BEGIN DATASET EXCERPT
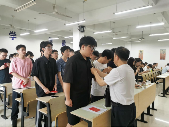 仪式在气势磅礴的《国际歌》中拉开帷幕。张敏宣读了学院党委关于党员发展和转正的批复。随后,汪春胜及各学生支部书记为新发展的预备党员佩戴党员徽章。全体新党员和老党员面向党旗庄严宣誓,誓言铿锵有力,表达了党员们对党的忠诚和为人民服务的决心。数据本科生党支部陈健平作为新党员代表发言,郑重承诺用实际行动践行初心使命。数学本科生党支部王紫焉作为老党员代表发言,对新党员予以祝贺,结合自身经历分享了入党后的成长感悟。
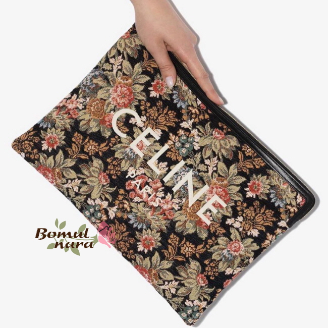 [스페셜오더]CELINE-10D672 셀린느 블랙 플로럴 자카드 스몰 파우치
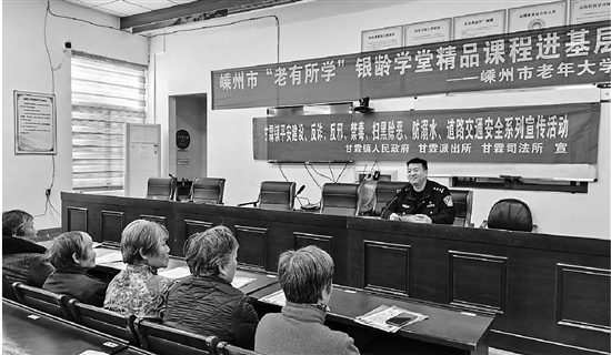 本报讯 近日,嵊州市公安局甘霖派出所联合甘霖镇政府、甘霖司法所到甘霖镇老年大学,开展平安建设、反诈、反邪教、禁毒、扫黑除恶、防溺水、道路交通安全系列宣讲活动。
END DATASET EXCERPT
For this step, transcribe all the material above exactly and drop the images.

→ **OUTPUT BELOW**
 仪式在气势磅礴的《国际歌》中拉开帷幕。张敏宣读了学院党委关于党员发展和转正的批复。随后,汪春胜及各学生支部书记为新发展的预备党员佩戴党员徽章。全体新党员和老党员面向党旗庄严宣誓,誓言铿锵有力,表达了党员们对党的忠诚和为人民服务的决心。数据本科生党支部陈健平作为新党员代表发言,郑重承诺用实际行动践行初心使命。数学本科生党支部王紫焉作为老党员代表发言,对新党员予以祝贺,结合自身经历分享了入党后的成长感悟。
 [스페셜오더]CELINE-10D672 셀린느 블랙 플로럴 자카드 스몰 파우치
 本报讯 近日,嵊州市公安局甘霖派出所联合甘霖镇政府、甘霖司法所到甘霖镇老年大学,开展平安建设、反诈、反邪教、禁毒、扫黑除恶、防溺水、道路交通安全系列宣讲活动。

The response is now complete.